Records shown section start

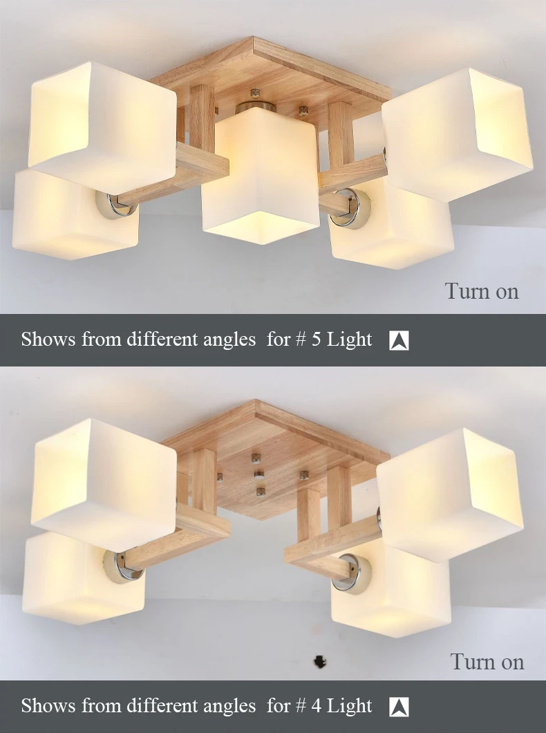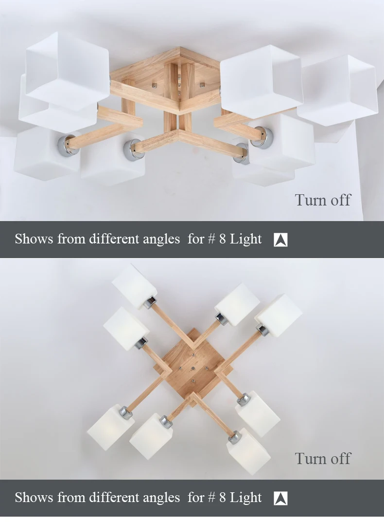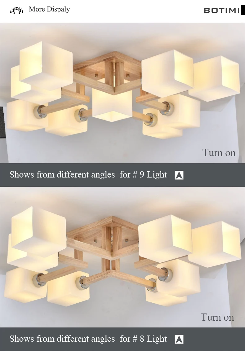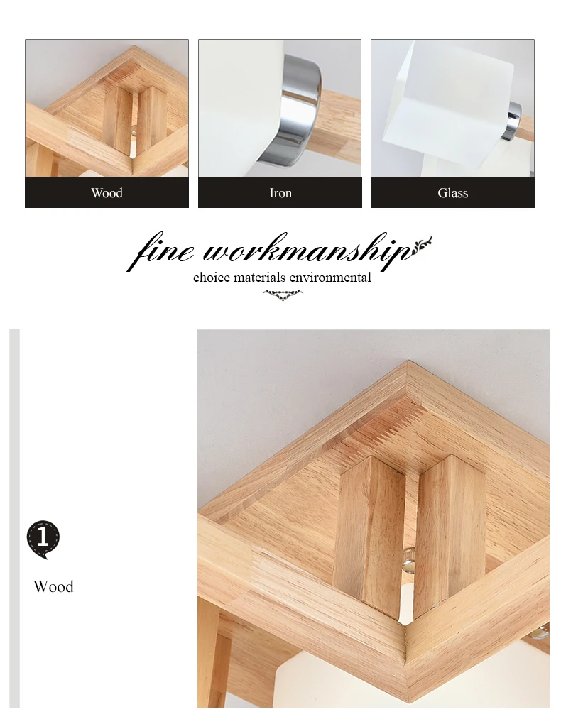 BOTIMI Natural Wooden Ceiling Lights For Living Room Cube Glass Lampshades Ceiling Mounted Bedroom Lustres Modern Dinning Lamp
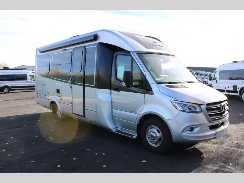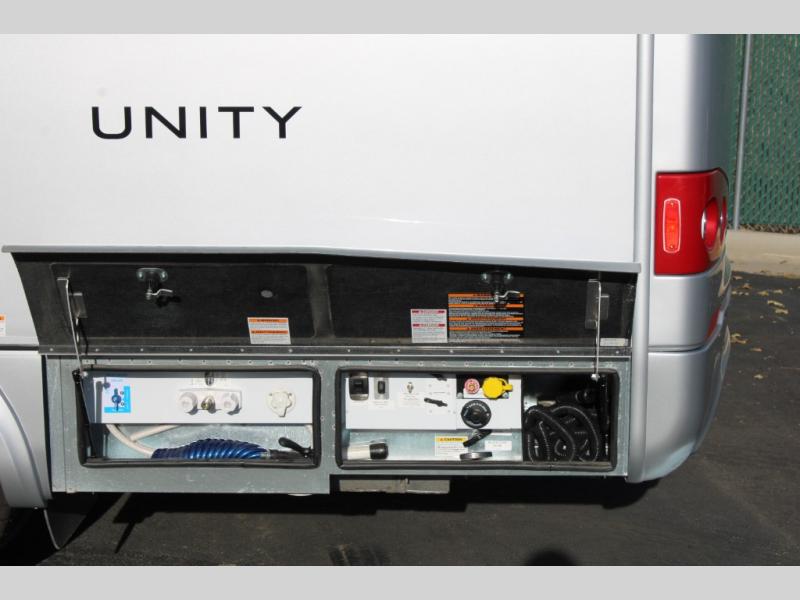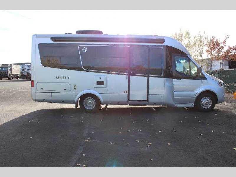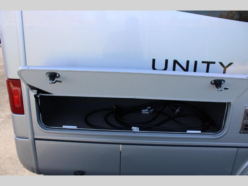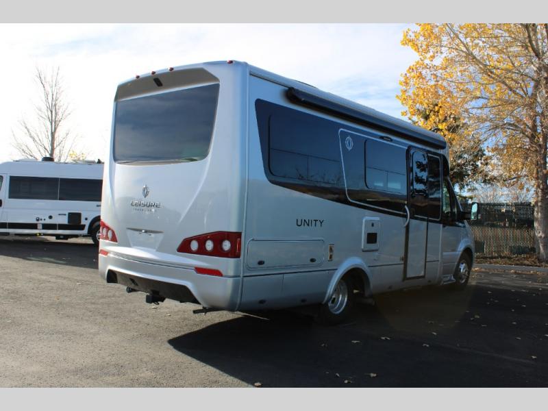 Each Unity Class B+ diesel motorhome by Leisure Travel sits on a durable Mercedes-Benz Sprinter 3500 dual rear wheel chassis with a 2.0-L Turbocharged I-4 diesel engine to power your adventures. The powder coated steel undercarriage support structure and vacuum-bonded construction provide a coach that will last for years, and there are eight sleek exterior paint options to make the coach your own. You'll love driving the Unity with its electronic stability control, adaptive cruise control, 9-speed automatic transmission with quieter noise levels and more comfort. There is even a digital mirror with sharp high-resolution that can be switched between convectional display and digital display for convenience. The luxurious interior includes Ultraleather furniture, a contoured solid surface Corian countertop in the kitchen, new decor options, plus many more comforts. And all of your power need will be met with dual 100 ah, 12V Lithium coach batteries with an internal heating system, plus a 2000W pure sine inverter and a 30 Amp power cord.
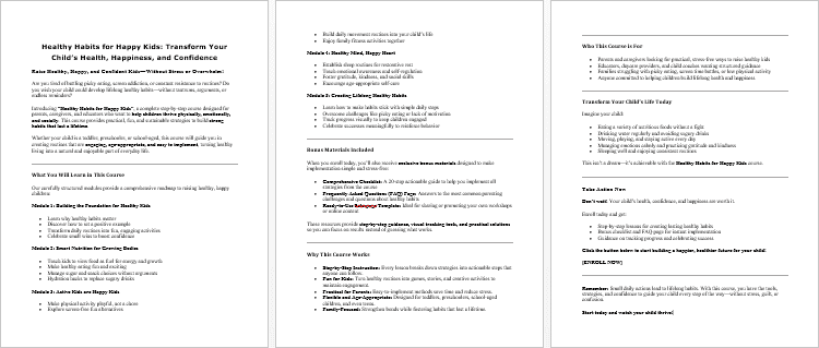 Healthy Habits for Happy Kids – Salespage Content
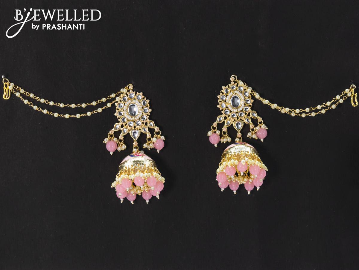 Dangler baby pink jhumkas with hangings and pearl maatal
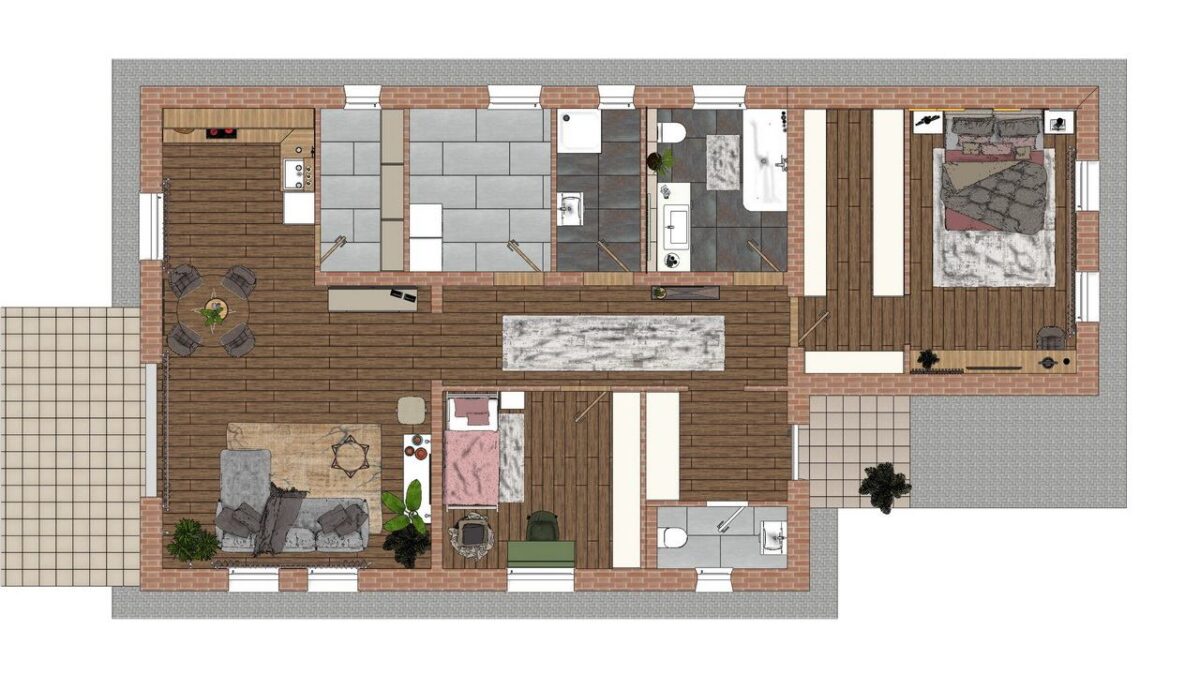 A képek közötti alaprajzon látható a családi ház helyiségeinek elhelyezkedése és méretei. A belmagasság 2,7 m.

Records shown section end

▶ [Work request] In the entries above, find the line containing "Dangler baby pink". Transcribe it and every later line to the end, exactly, and leave out the pictures.

▶ [Answer space]
 Dangler baby pink jhumkas with hangings and pearl maatal
 A képek közötti alaprajzon látható a családi ház helyiségeinek elhelyezkedése és méretei. A belmagasság 2,7 m.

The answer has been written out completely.